Once again the gnarled hand reached for the mouse. In Haas’s profession there was no need to be speedy. The dead are patient.

Scroll. Point. Click.

“There,” he said. “This is nine-thirty.”

On the video, the rain had not started and the pavement was still dry. Except for a bird flitting past, nothing moved in the frame.

“Fifty years ago, when I was growing up, we kids had respect for the dead. We’d never dream of painting graffiti on a cemetery wall or tipping over gravestones. That’s why we had to install these cameras. No wonder the world’s falling apart.”

The lament of every generation, thought Jane.The world’s falling apart.It’s what her grandmother used to say. It’s what her dad still said. And one of these days, she’d probably say it to her own daughter, Regina.

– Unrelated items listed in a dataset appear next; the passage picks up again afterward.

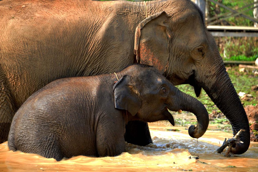 Elephants in Laos, elephant conservation center in Ban Pakham, Luang Prabang, Laos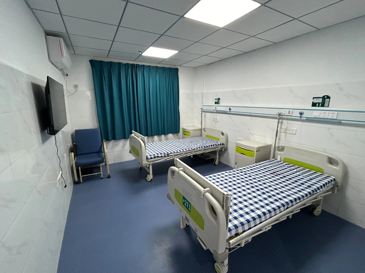 據(jù)了解,新圩鎮(zhèn)中心衛(wèi)生院是惠州市首批醫(yī)養(yǎng)結(jié)合試點(diǎn)單位,此次打造的醫(yī)養(yǎng)結(jié)合服務(wù)中心占地面積1000平方米,共設(shè)置60張養(yǎng)老床位,重點(diǎn)面向失能、半失能長者提供“醫(yī)康養(yǎng)一體”的綜合服務(wù)。中心住院部規(guī)劃有雙人房與三人房兩種房型,其中雙人房面積約21㎡,三人房約30㎡,所有病房均配備中央供氧、生命體征監(jiān)測儀等專業(yè)醫(yī)療設(shè)備,同時兼具空調(diào)、彩電、獨(dú)立衛(wèi)生間等生活設(shè)施,24小時熱水供應(yīng)保障到位,為長者營造安全舒適的居住環(huán)境。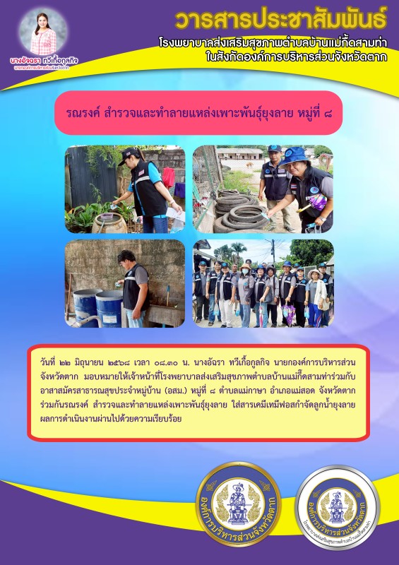 รณรงค์ สำรวจ และทำลายแหล่งเพาะพันธ์ลูกน้ำยุงลาย หมู่ที่ 8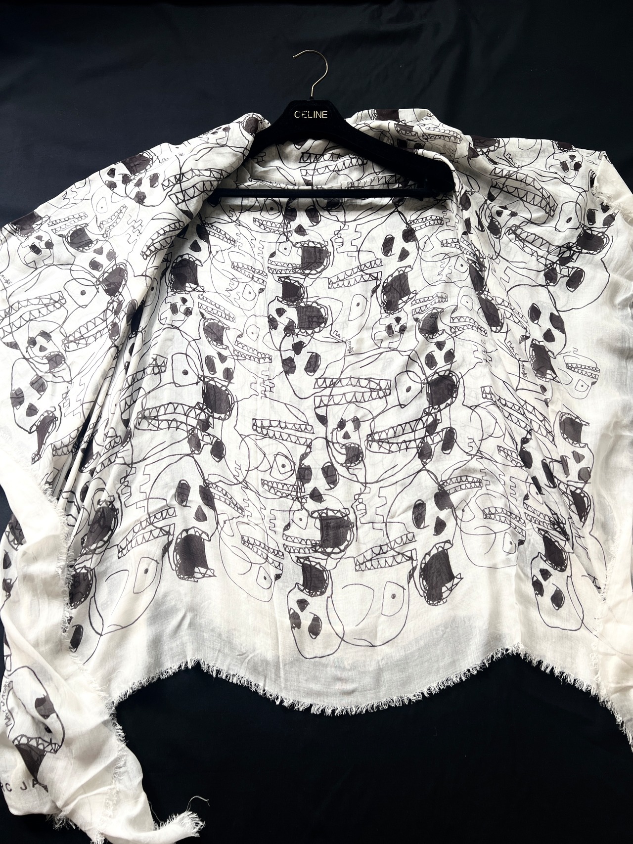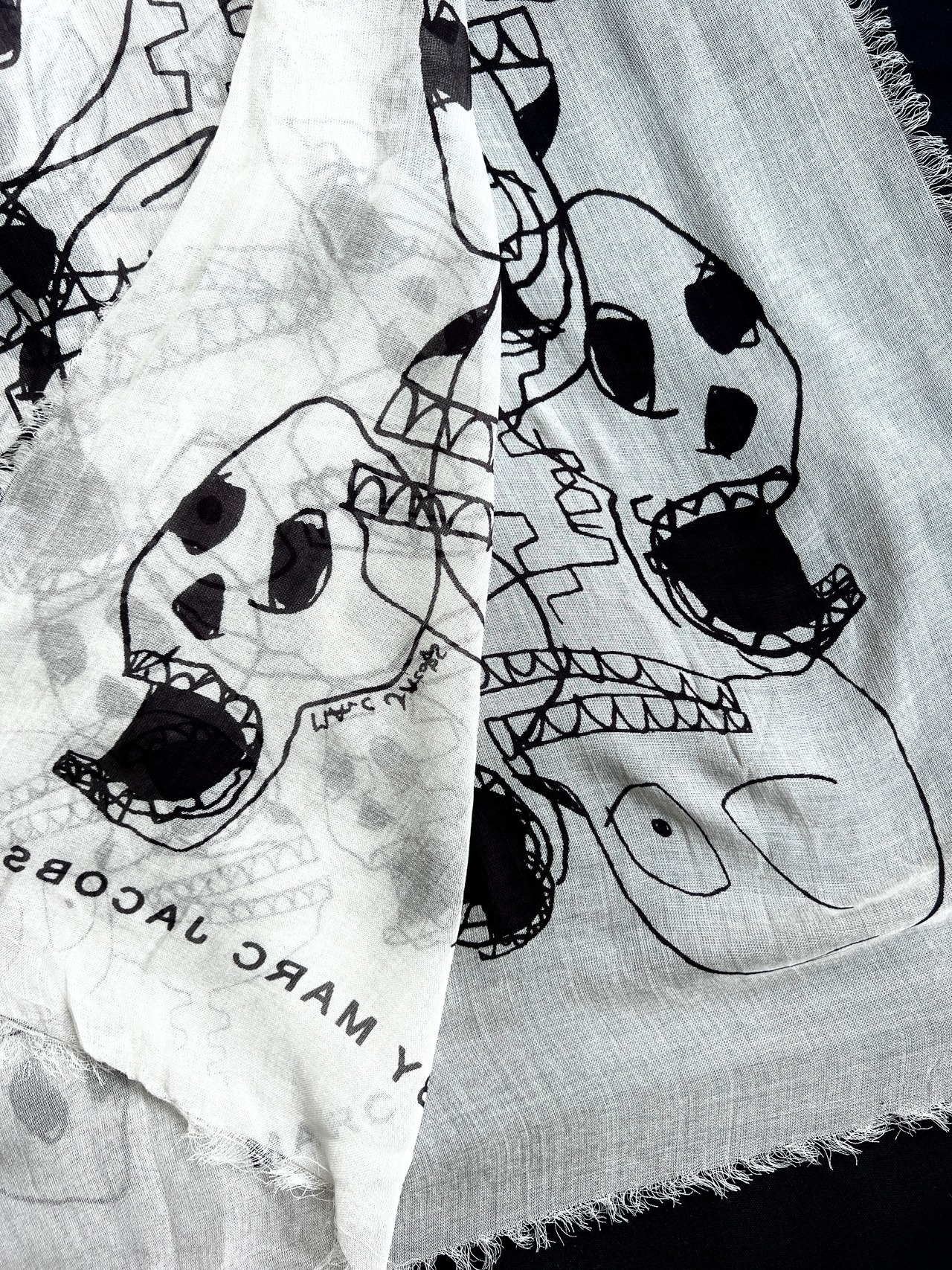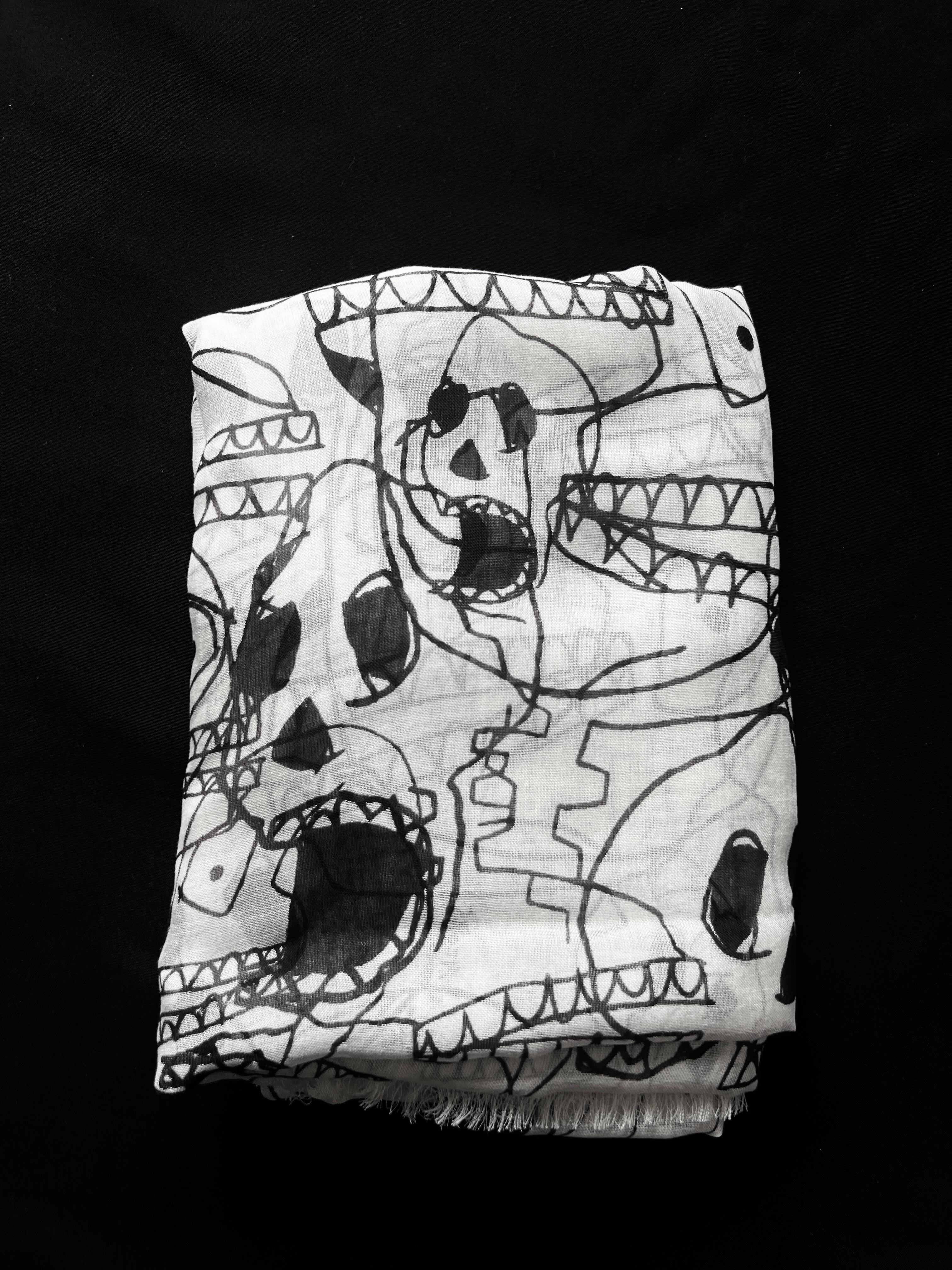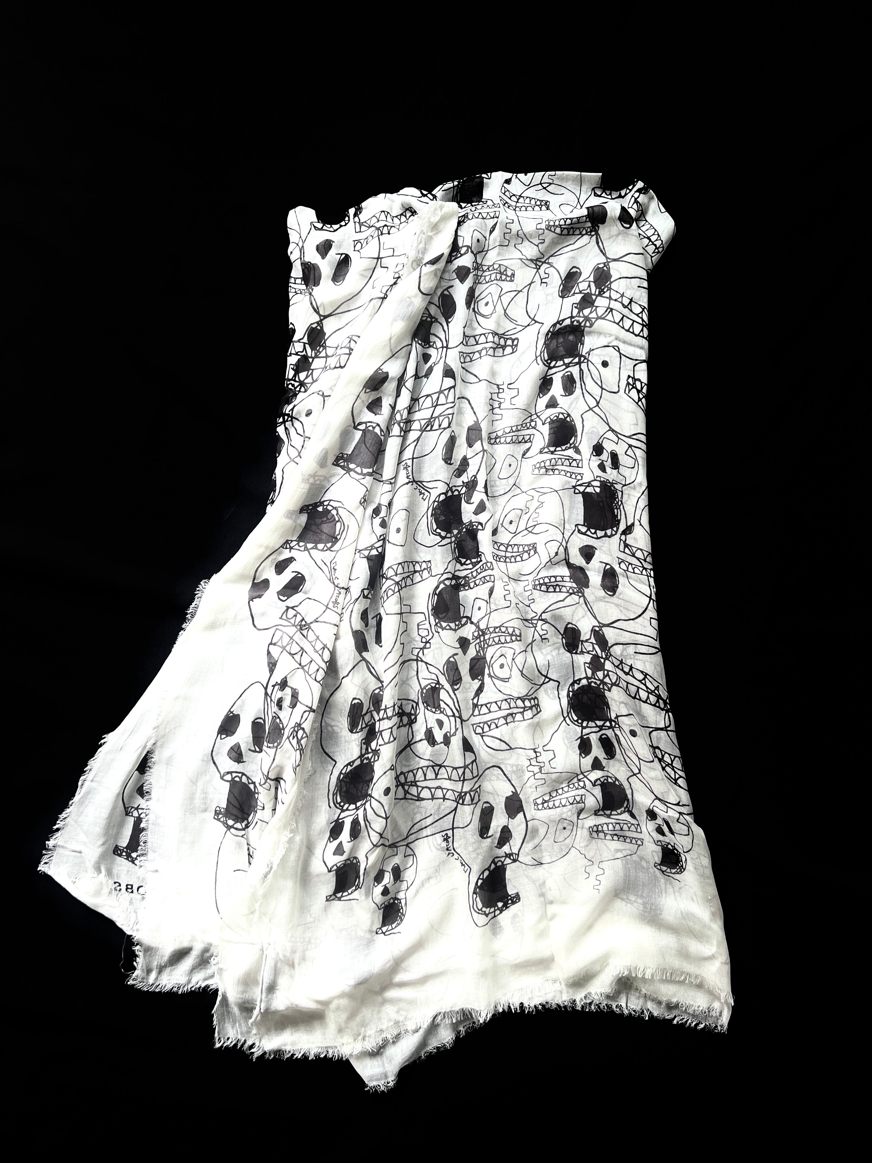 遊び心のあるスカルプリントが魅力的なマークジェイコブスの大判スカーフです。

Her attention perked up when, at 9:35, a silver sedan pulled to a stop at the curb. An elderly couple climbed out and slowly walked through the gate, holding hands.

“That’s just the Santoros,” said Haas. “Their daughter brings them here every week to visit their son. He’s buried down on Lilac Lane. Watch, the daughter’s gone to park the car, but she’ll show up any minute with the flowers.”

Moments later, as he’d predicted, a woman walked into view carrying a vase of roses, and she followed her parents through the gate.

“Those are the saddest ones,” said Haas. “I mean, every death is sad, but when you lose a child…”

“How did their son die?” asked Frost.

“They won’t ever talk about it, but I’m told it was a drug overdose. It happened years ago, when he was only thirtysomething. And here it is, all these years later, and they still come once a week, like clockwork. We always have the golf cart ready to take them to the grave.”